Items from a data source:
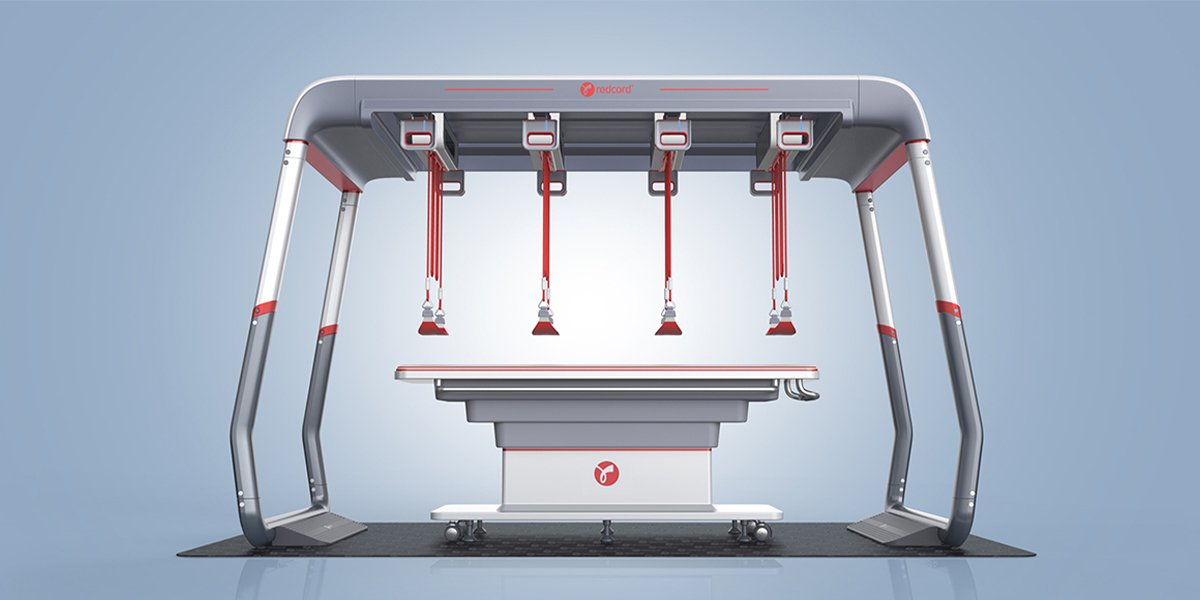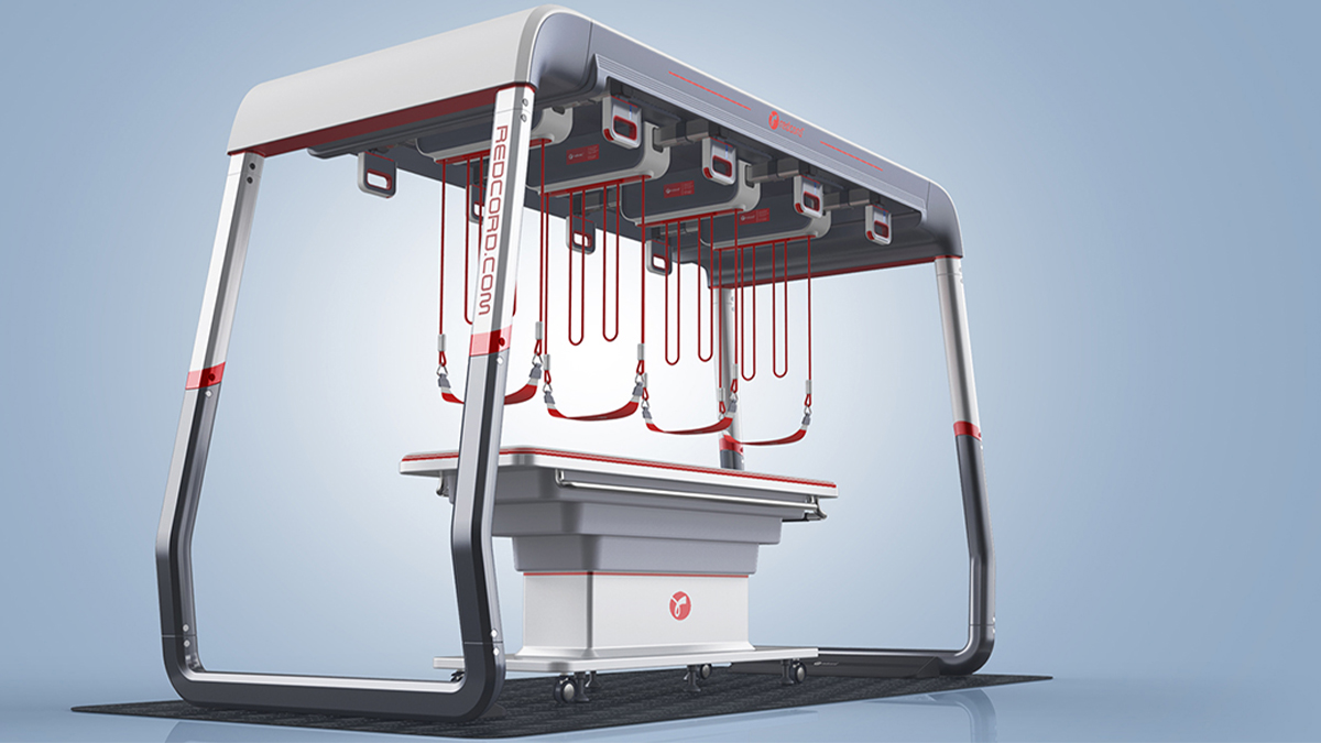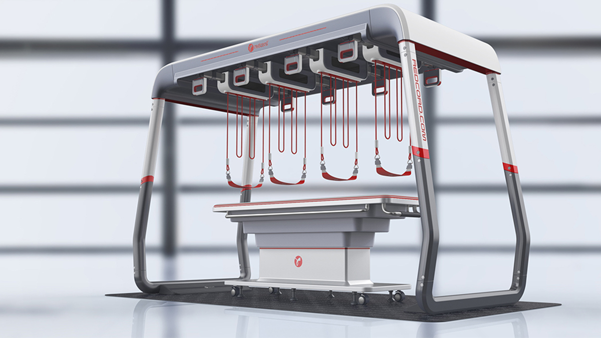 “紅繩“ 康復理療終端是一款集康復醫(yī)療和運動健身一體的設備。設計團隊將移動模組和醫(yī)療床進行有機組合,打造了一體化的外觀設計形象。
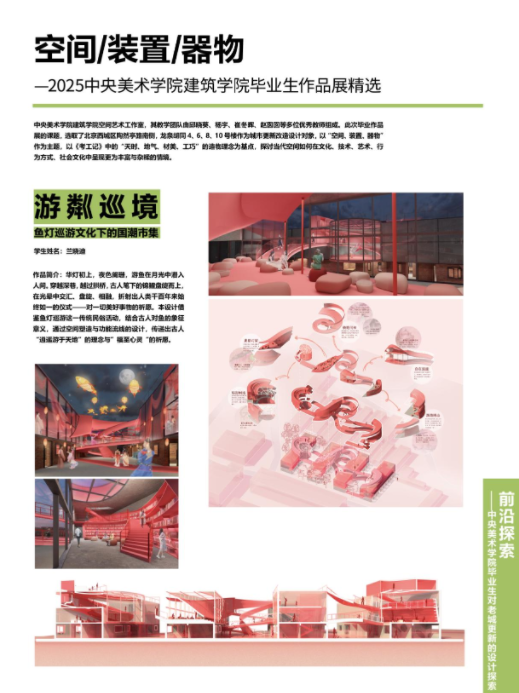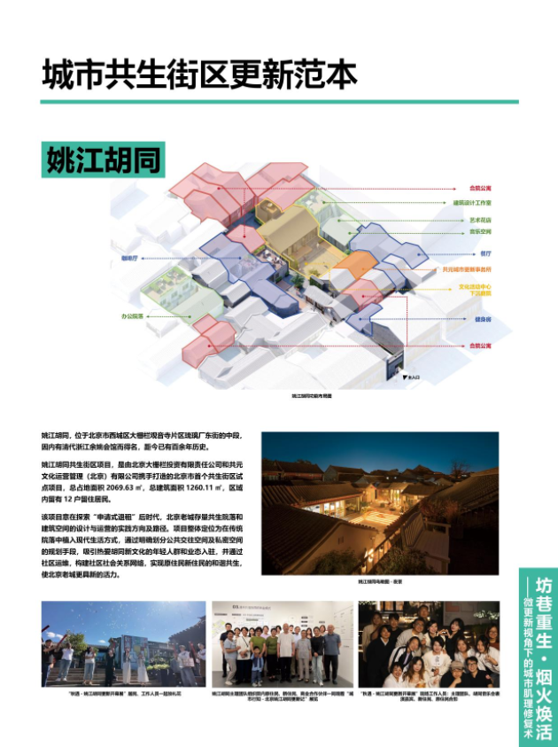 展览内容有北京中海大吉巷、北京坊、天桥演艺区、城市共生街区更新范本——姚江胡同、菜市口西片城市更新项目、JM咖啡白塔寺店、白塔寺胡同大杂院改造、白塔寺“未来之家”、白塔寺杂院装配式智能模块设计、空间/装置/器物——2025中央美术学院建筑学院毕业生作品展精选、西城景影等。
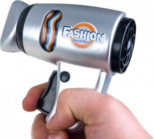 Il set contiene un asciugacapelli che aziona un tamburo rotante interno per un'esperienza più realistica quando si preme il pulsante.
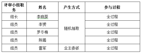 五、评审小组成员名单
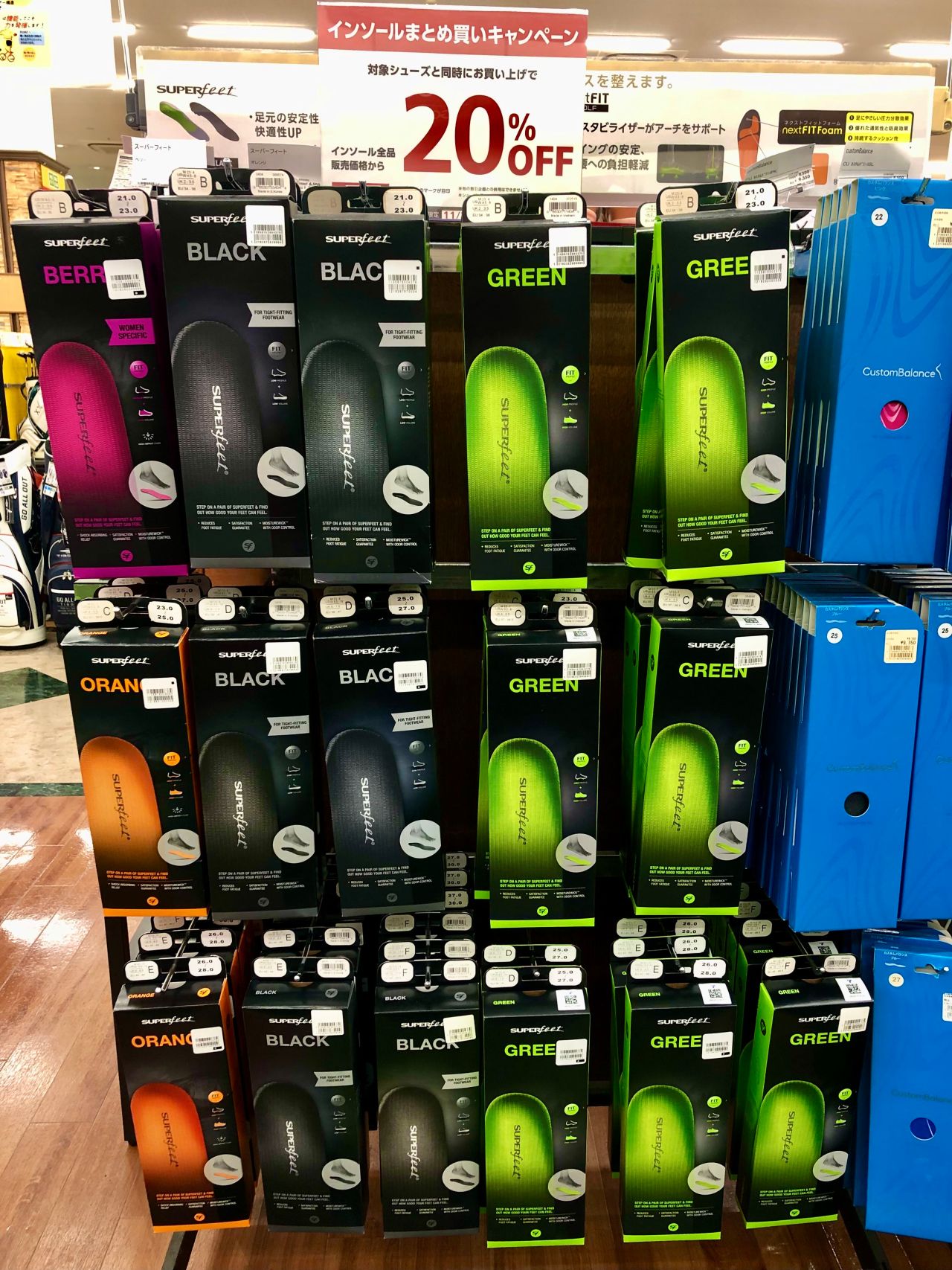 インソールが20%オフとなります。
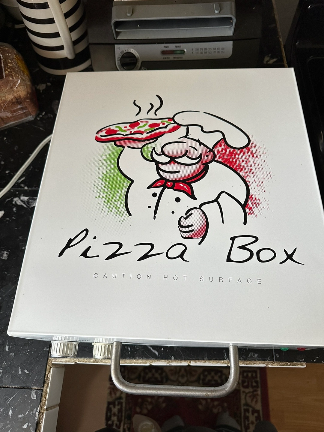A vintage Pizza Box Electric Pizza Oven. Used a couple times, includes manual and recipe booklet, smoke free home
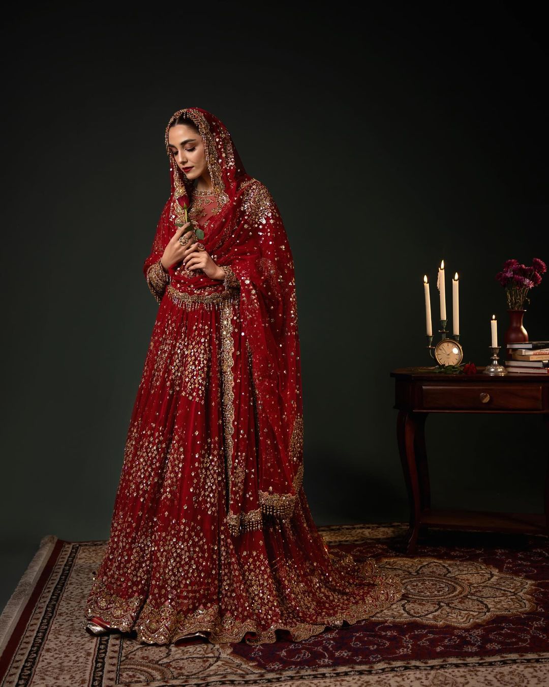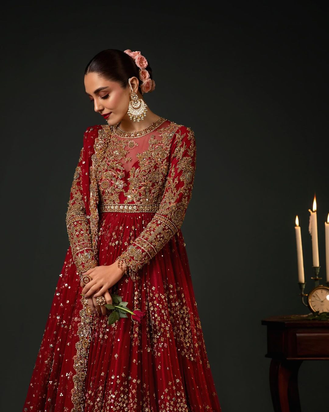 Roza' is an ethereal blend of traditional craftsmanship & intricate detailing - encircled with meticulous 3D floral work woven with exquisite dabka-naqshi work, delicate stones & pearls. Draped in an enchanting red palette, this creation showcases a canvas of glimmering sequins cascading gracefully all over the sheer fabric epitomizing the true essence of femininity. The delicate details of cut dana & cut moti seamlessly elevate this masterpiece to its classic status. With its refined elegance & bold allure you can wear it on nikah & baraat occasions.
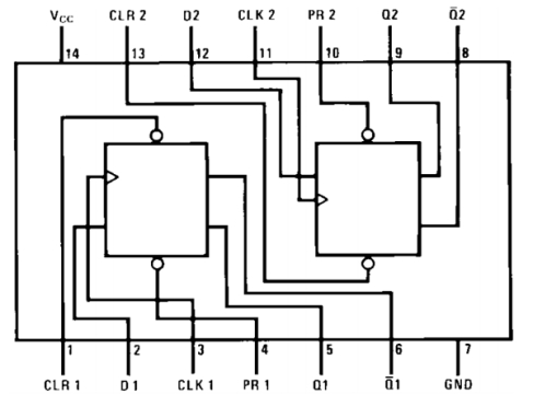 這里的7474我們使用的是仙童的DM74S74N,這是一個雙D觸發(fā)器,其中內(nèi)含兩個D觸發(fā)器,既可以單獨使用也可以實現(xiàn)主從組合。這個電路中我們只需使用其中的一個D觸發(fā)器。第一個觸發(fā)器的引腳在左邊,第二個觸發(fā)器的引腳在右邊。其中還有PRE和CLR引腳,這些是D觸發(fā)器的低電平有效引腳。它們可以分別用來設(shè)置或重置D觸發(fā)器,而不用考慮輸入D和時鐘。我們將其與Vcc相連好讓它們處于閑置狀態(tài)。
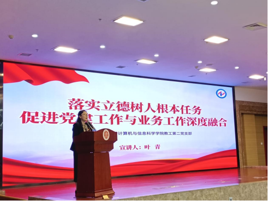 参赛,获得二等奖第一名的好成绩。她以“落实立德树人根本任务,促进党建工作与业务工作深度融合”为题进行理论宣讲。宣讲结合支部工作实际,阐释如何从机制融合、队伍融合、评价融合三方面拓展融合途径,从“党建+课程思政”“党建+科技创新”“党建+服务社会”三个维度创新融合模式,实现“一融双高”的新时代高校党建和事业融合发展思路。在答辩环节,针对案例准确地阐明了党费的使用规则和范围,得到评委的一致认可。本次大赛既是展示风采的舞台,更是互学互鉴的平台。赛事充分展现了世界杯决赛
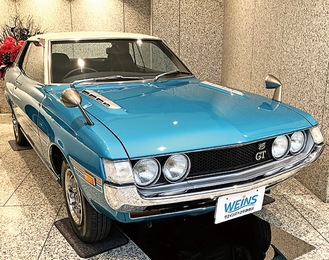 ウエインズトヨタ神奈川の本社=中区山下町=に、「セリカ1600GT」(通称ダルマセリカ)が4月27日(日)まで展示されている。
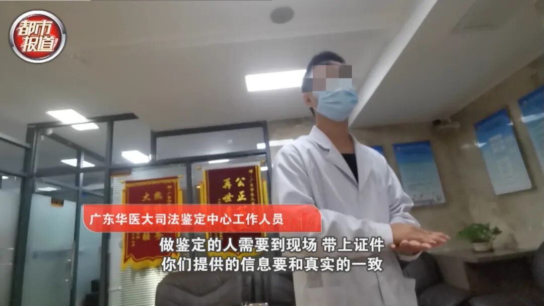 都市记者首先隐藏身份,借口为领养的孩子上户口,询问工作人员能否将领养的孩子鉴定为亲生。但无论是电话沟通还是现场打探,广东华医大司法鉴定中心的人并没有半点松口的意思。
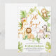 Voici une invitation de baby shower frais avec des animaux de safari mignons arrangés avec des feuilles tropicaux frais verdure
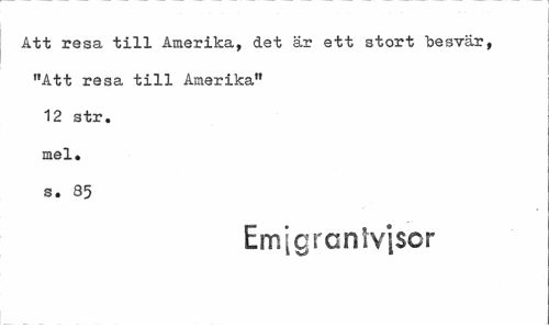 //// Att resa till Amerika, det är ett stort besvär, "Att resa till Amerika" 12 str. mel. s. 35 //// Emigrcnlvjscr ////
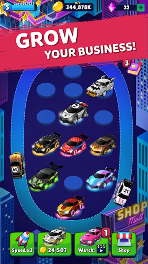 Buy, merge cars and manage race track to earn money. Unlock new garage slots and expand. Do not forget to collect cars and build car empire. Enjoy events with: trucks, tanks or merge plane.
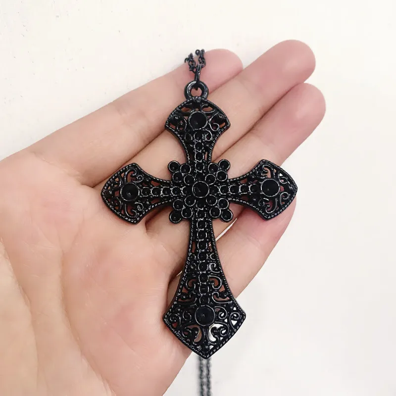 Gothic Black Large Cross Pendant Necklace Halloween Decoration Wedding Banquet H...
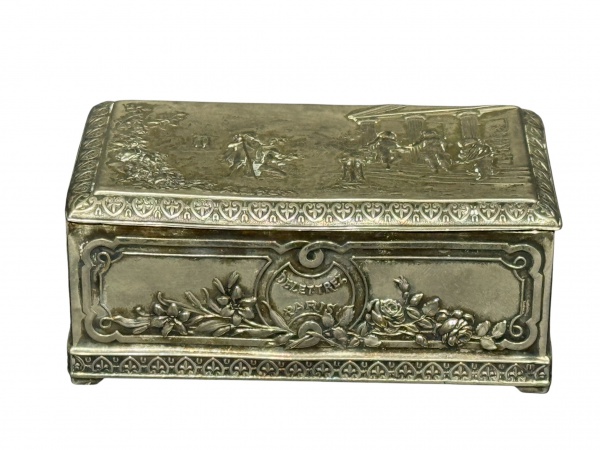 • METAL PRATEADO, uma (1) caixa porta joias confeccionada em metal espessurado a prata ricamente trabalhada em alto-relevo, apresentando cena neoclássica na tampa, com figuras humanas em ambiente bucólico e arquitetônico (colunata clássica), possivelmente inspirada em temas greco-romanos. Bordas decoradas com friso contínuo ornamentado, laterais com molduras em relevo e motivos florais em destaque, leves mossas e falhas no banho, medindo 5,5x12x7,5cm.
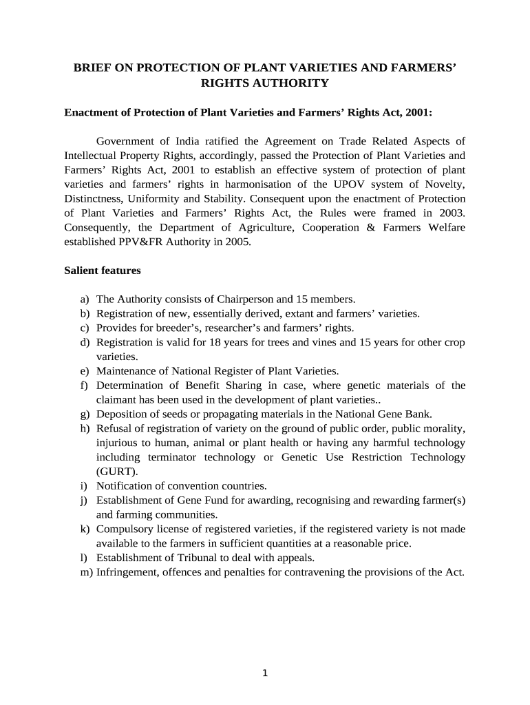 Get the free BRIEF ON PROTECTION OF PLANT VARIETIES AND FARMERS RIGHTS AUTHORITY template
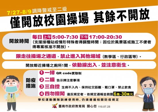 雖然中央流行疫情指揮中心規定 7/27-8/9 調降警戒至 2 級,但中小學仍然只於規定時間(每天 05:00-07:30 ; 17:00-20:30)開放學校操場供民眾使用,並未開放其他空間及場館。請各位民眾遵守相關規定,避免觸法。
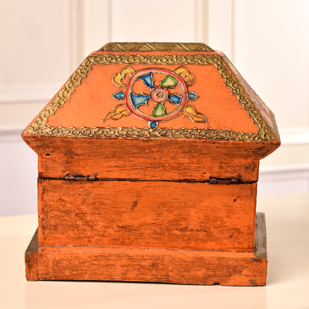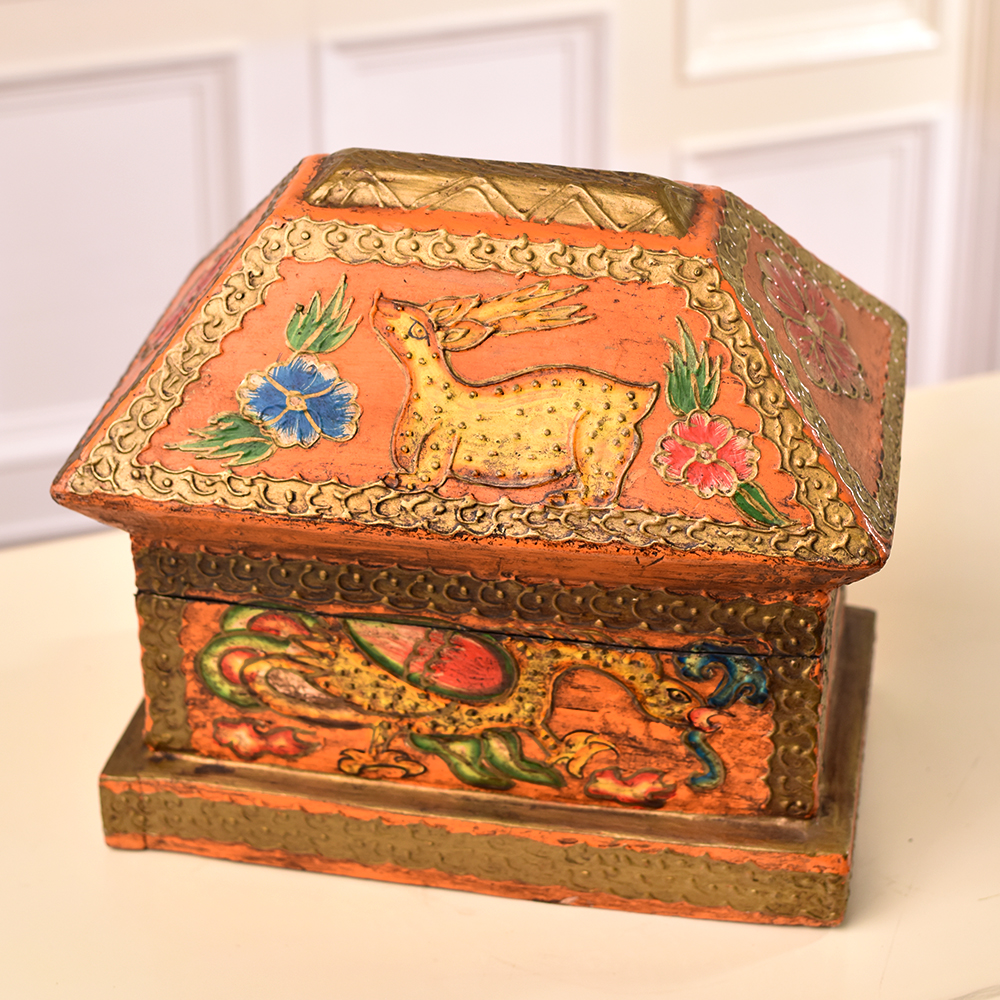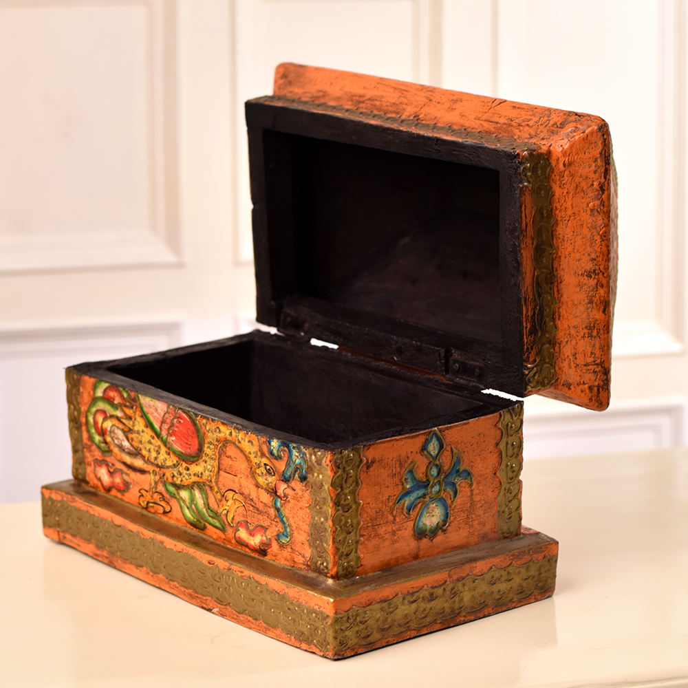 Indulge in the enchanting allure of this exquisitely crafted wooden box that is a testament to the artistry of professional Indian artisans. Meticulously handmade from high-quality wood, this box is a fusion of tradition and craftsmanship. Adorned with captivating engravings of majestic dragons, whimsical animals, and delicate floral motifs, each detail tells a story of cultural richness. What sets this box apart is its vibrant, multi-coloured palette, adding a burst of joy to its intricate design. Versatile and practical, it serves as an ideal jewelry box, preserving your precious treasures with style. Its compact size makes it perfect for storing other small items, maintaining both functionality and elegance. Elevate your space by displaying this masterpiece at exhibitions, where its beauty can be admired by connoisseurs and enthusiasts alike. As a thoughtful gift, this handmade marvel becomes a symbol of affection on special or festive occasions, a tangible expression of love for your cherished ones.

#### Problem to solve
I'd like the lines above repeated exactly, from the one that contains "Buy, merge cars" through the one that contains "Gothic Black Large", with no pictures.

#### Task solution
 Buy, merge cars and manage race track to earn money. Unlock new garage slots and expand. Do not forget to collect cars and build car empire. Enjoy events with: trucks, tanks or merge plane.
 Gothic Black Large Cross Pendant Necklace Halloween Decoration Wedding Banquet H...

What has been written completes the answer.